A. Raval1, K. Kistler2, Y. Tang1, Y. Murata1, D. Snydman3

1Merck & Co., Inc., Kenilworth, NJ, 2Evidera, Inc., Waltham, MA, 3Tufts Medical Center, Boston, MA

Meeting: 2020 American Transplant Congress

Abstract number: A-181

Keywords: Cytomeglovirus, Infection, Kidney transplantation, Toxocity

Session Information

Session Name: Poster Session A: All Infections (Excluding Kidney & Viral Hepatitis)

Session Type: Poster Session

Date: Saturday, May 30, 2020

Session Time: 3:15pm-4:00pm

 Presentation Time: 3:30pm-4:00pm

Location: Virtual

*Purpose: Cytomegalovirus (CMV) is associated with significant mortality and morbidity in kidney transplant recipients (KTRs). Various CMV anti-viral (AV) preventive strategies have been utilized in KTRs, however, a recent systematic review has not been performed summarizing up-to-date information on this topic. Therefore, we examined efficacy, safety and costs of CMV-AV prevention strategies in KTRs using a systematic literature review (SLR) of randomized controlled trials (RCTs).

*Methods: MEDLINE and Embase (from inception to November 2018) were searched to identify RCTs examining outcomes of CMV prevention strategies in adult KTRs.

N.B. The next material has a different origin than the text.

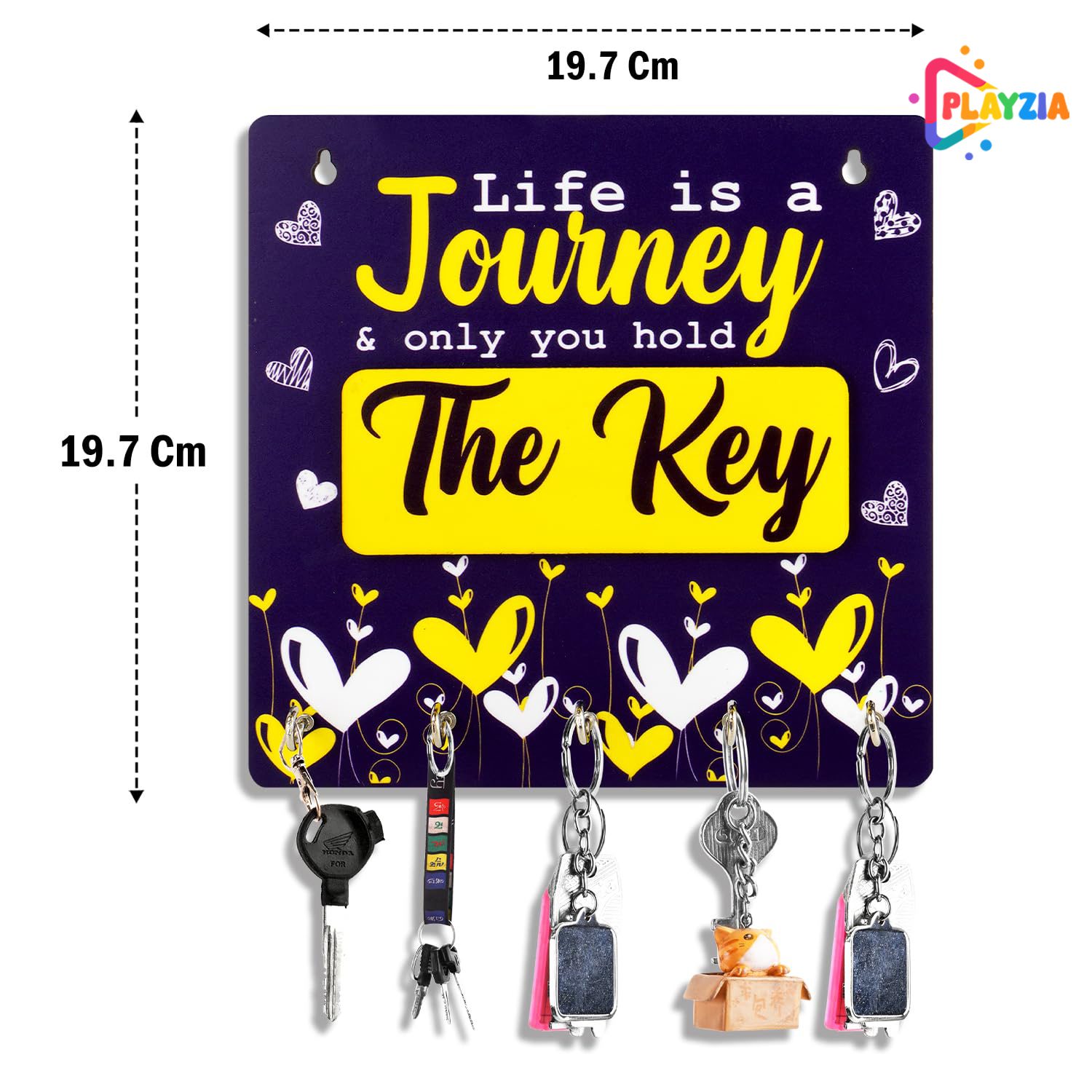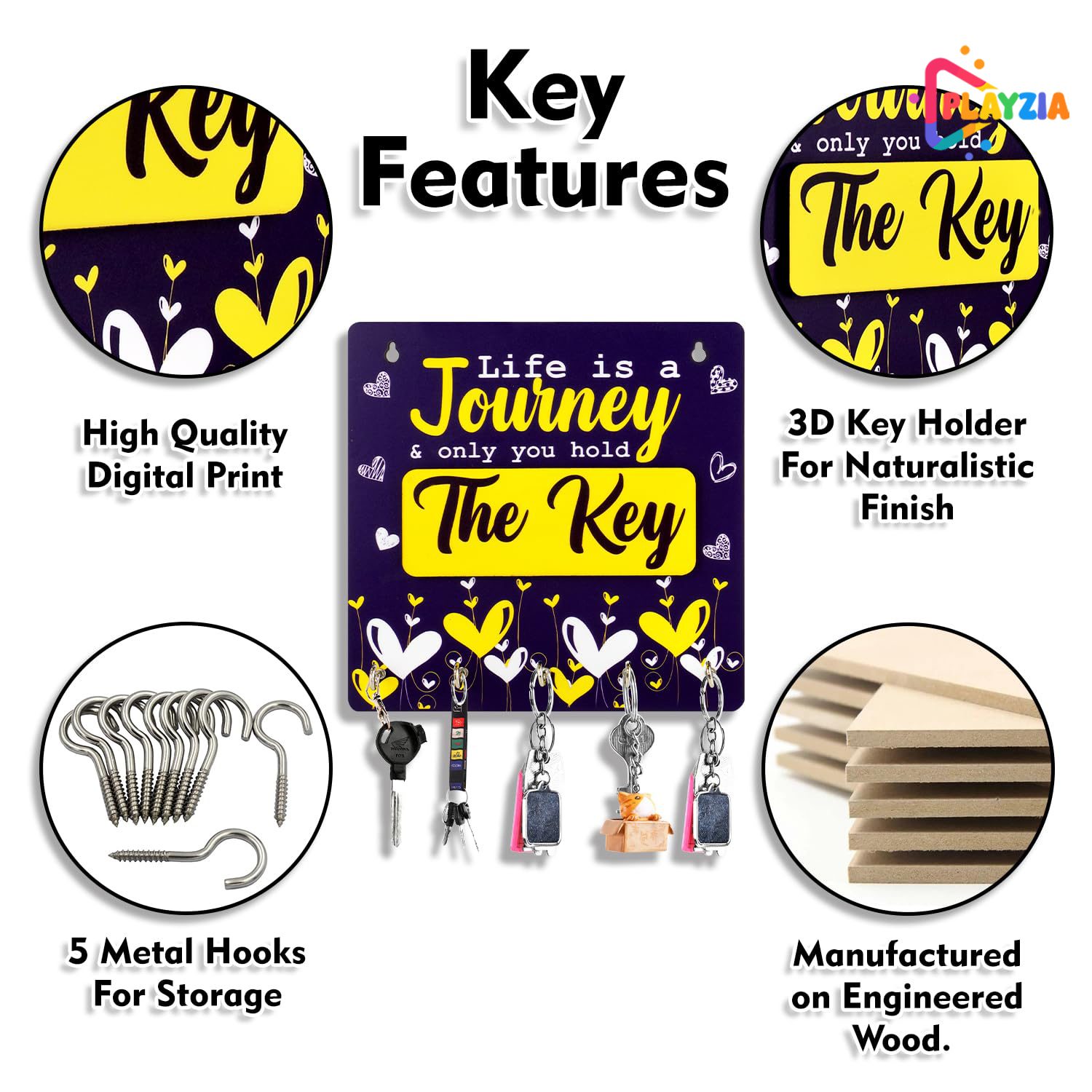 Playzia “Life is a Journey and Only You Hold the Key” Key Chain Holder for Wall | Wooden Key Hanger with 5 Hooks | Decorative Wall Mounted Organizer for Home & Office

*Results: Of 1,860 retrieved citations, 30 RCTs met inclusion criteria. Included RCTs varied in terms of defining and assessing timepoints for outcomes, dose and duration of AV use. Out of 12 studies comparing prophylaxis (PROPH) vs. NO PROPH, PROPH had significantly lower rates of CMV infection (CMVi) (6 studies), CMV syndrome/disease (CMVsd) (6 studies), and lower mean duration of post-transplant length of stay (LOS) (1 study). Out of 4 studies comparing preemptive (PET) vs. NO PET, PET had lower rates of CMVsd (3 studies), and long-term medical care costs (1 study). Of 5 studies comparing PROPH vs. PET, PROPH had significant lower rates of early CMVi (4 studies) and CMVsd (2 studies) and higher rates of late CMVi (2 studies), and hematological toxicities (2 studies); PROPH had higher drug costs but lower CMV testing costs and similar overall medical costs (2 studies). Of 9 RCTs comparing different PROPH strategies, oral ganciclovir (OGC) showed a lower CMVisd compared to acyclovir (1 study) and had similar rates of CMVisd to valacyclovir/valganciclovir. OGC had similar rates of CMVi but lower incidence of CMVsd compared with IVGC (1 study). Valganciclovir (VGC) PROPH for 6-month (6M) reduced CMVisd compared to VGC for 3M, however, the 6M VGC had a higher rate of hematological toxicity (1 study). VGC 6M high dose vs. low dose had a similar rate of CMVsd, but a higher rate of hematological toxicity (1 study).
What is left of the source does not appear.